(Beginning of DATA RECORDS)
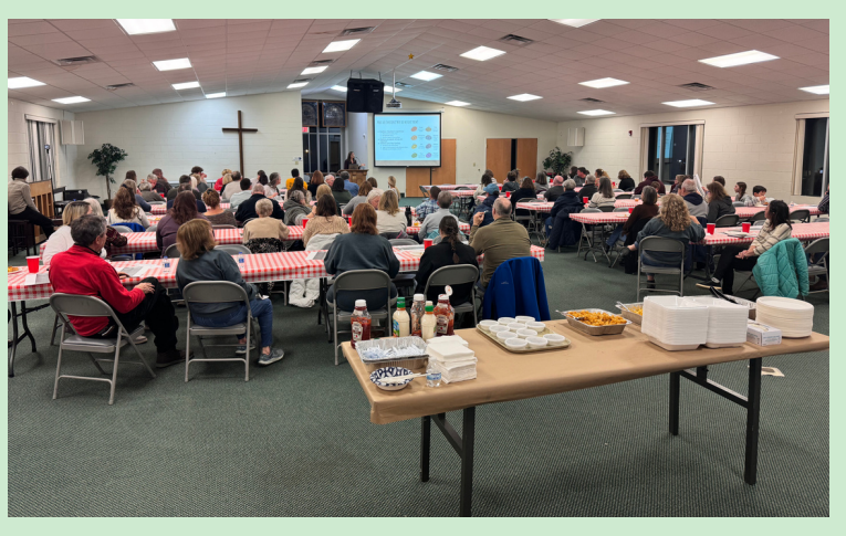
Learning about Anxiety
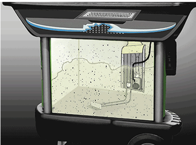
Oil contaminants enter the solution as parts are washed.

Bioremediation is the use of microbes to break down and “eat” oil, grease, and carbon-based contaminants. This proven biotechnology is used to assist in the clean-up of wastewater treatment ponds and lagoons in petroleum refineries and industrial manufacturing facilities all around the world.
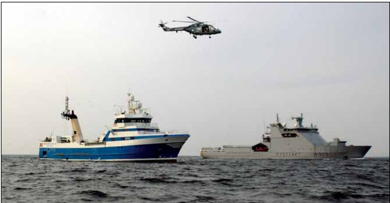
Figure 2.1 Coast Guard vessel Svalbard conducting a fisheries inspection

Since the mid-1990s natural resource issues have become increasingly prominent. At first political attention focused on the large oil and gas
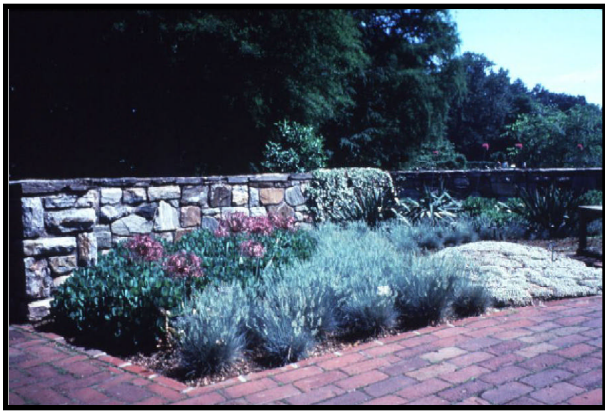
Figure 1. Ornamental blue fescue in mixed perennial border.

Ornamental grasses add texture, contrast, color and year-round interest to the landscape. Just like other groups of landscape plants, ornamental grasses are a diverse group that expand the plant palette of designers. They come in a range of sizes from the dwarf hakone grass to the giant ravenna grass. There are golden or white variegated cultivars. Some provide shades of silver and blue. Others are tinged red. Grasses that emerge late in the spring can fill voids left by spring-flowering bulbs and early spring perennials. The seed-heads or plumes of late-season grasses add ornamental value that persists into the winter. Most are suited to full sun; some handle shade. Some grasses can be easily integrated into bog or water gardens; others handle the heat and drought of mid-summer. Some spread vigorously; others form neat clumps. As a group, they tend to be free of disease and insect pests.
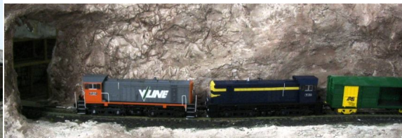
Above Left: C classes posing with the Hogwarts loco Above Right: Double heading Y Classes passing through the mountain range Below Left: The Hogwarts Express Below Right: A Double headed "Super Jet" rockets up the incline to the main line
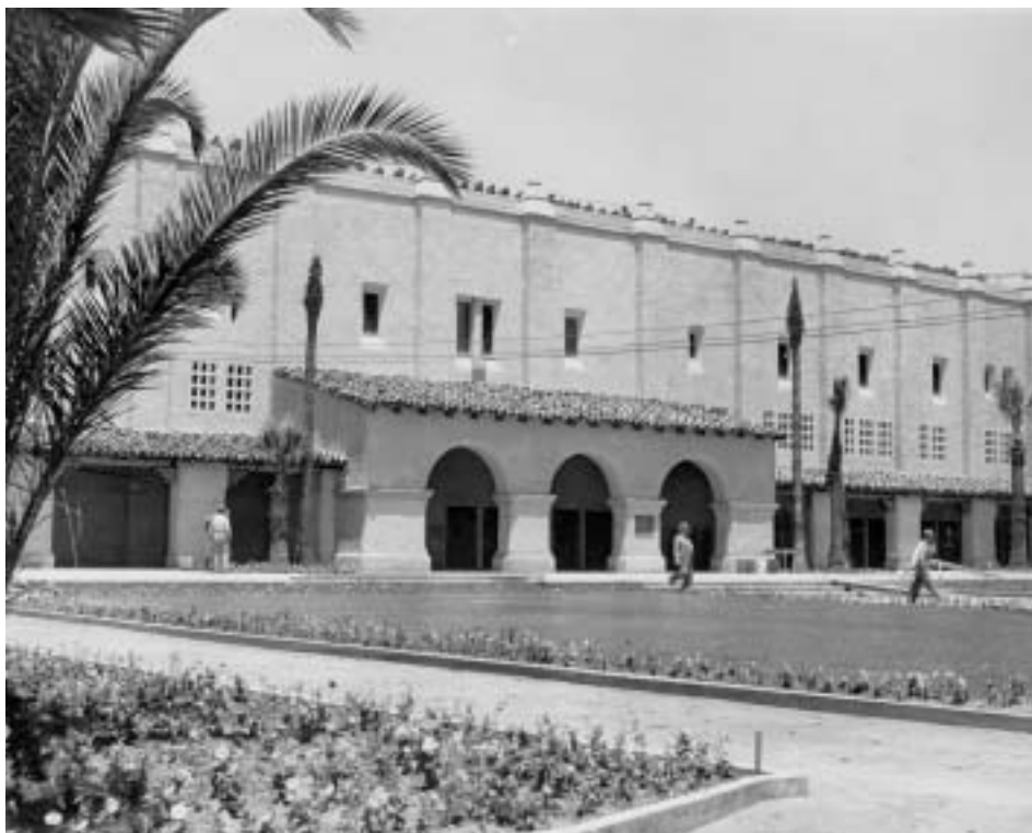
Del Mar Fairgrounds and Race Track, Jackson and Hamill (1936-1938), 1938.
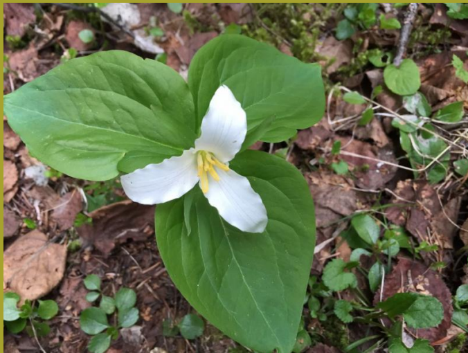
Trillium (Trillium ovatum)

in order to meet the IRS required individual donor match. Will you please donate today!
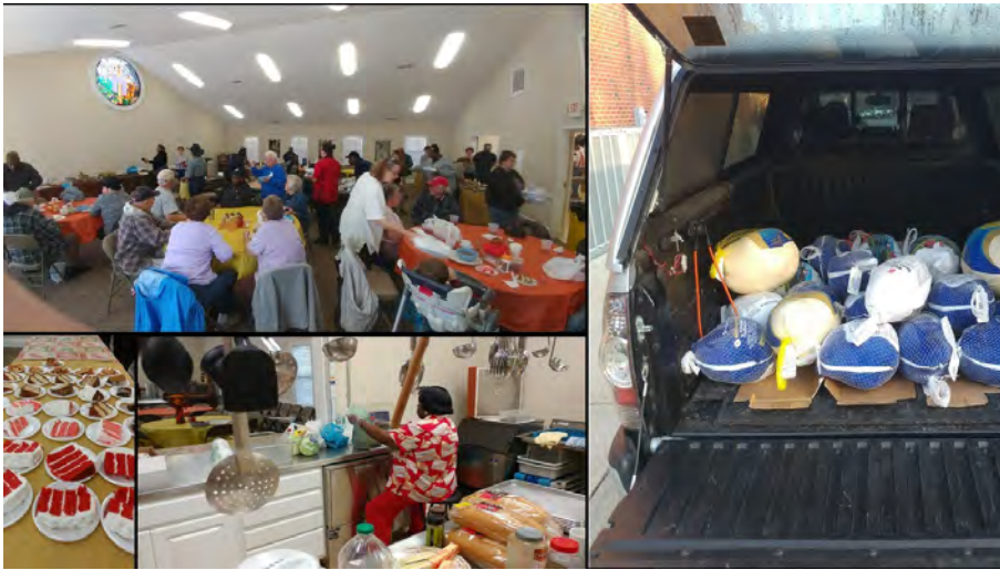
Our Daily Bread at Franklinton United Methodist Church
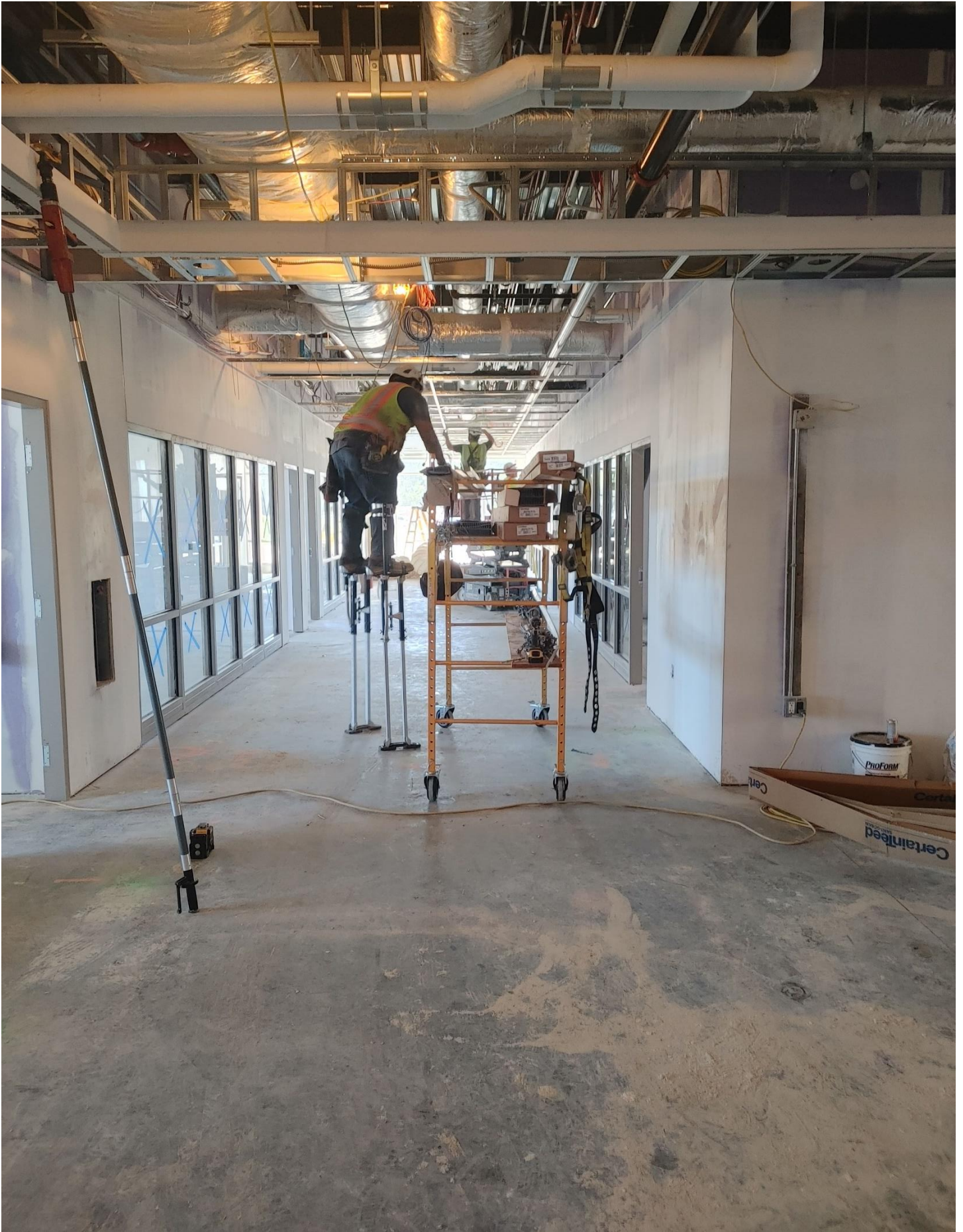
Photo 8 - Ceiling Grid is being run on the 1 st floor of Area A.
(End of DATA RECORDS)
> [WHAT IS BEING ASKED]: The whole listing above is to be printed exactly; the pictures stay out.

> [ANSWER BELOW]:
Learning about Anxiety
Oil contaminants enter the solution as parts are washed.

Bioremediation is the use of microbes to break down and “eat” oil, grease, and carbon-based contaminants. This proven biotechnology is used to assist in the clean-up of wastewater treatment ponds and lagoons in petroleum refineries and industrial manufacturing facilities all around the world.
Figure 2.1 Coast Guard vessel Svalbard conducting a fisheries inspection

Since the mid-1990s natural resource issues have become increasingly prominent. At first political attention focused on the large oil and gas
Figure 1. Ornamental blue fescue in mixed perennial border.

Ornamental grasses add texture, contrast, color and year-round interest to the landscape. Just like other groups of landscape plants, ornamental grasses are a diverse group that expand the plant palette of designers. They come in a range of sizes from the dwarf hakone grass to the giant ravenna grass. There are golden or white variegated cultivars. Some provide shades of silver and blue. Others are tinged red. Grasses that emerge late in the spring can fill voids left by spring-flowering bulbs and early spring perennials. The seed-heads or plumes of late-season grasses add ornamental value that persists into the winter. Most are suited to full sun; some handle shade. Some grasses can be easily integrated into bog or water gardens; others handle the heat and drought of mid-summer. Some spread vigorously; others form neat clumps. As a group, they tend to be free of disease and insect pests.
Above Left: C classes posing with the Hogwarts loco Above Right: Double heading Y Classes passing through the mountain range Below Left: The Hogwarts Express Below Right: A Double headed "Super Jet" rockets up the incline to the main line
Del Mar Fairgrounds and Race Track, Jackson and Hamill (1936-1938), 1938.
Trillium (Trillium ovatum)

in order to meet the IRS required individual donor match. Will you please donate today!
Our Daily Bread at Franklinton United Methodist Church
Photo 8 - Ceiling Grid is being run on the 1 st floor of Area A.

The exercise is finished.